2001/01/17
I'm going to have to disagree with my boss about OS X. Be would not have been a better choice. Or, not necessarily a better choice.
With Be, Apple would have had the same challenges: the Classic environment, so old apps would still run; Carbon APIs, so developers have a (relatively) easy path to port their existing apps; and user interface.
I don't know that it would have taken any less time with Be OS as a foundation. I suspect not.
Where they erred is not in their choice of OS (Be or NeXT) but in decisions regarding the desktop.

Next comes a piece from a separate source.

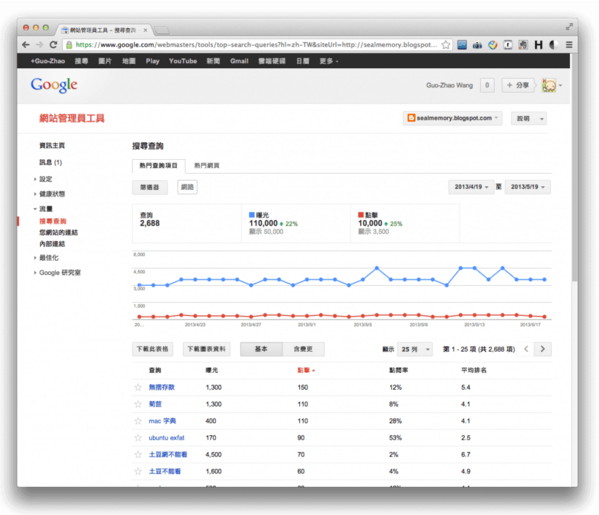 Google 網站管理員是一個專門提供給一般網站或部落格管理員的檢測工具,使用這個工具可以查詢自己的網站或部落格在 Google 搜尋引擎中的狀況,例如網站曝光次數、點擊次數、點閱率與網站在搜尋結果中的平均排名等。

Were I running the show, I would have said right from the start that a functioning Apple menu is hugely important. Etc. Etc. There are tons of great things in OS 9 that I would have retained. The break was too severe, and they're working to fix that now. The break should never have been so sharp.
(Back to my boss -- he's fond of pointing out discontinuities -- the break between OS 9 and OS X is an example. Unfortunately, I was an English major and can't follow the math. [Joking.])
I don't expect the March 24 ship date to slip. However, I do expect that OS X 1.0 will be best left to early adopters. And, come July, I would strongly recommend that Apple get off their high horse about their so-called single-OS-strategy and give people an option about which OS they want bundled with new machines.
At this point, the biggest issue facing OS X, given that it's a fact and it will ship, may be lack of software. Running Classic apps is painful. There's no good email app on OS X. There's no BBEdit, no Photoshop, no Dreamweaver, no Acrobat Reader, etc. Yet, anyway.
You might say -- well, at least you, Brent, have CodeWarrior for OS X, right? It's true, I do. Except that, with OS X Public Beta, I have to boot into OS 9 to be able to do check-outs and check-ins with our source control system. I expect that will be the case with 1.0, too. So there are all these barriers to getting work done.
Here's another little thing (I've got a huge list of them) -- there doesn't appear to be a way to extend the Finder's contextual menus. In OS 9 I'd written a few extensions which I actually use, which I rely on. (Yet another definition of a geek: one who doesn't mind breaking out a C compiler just to customize his or her desktop. OS X won't let me be a geek in that way. Correct me if I'm wrong.)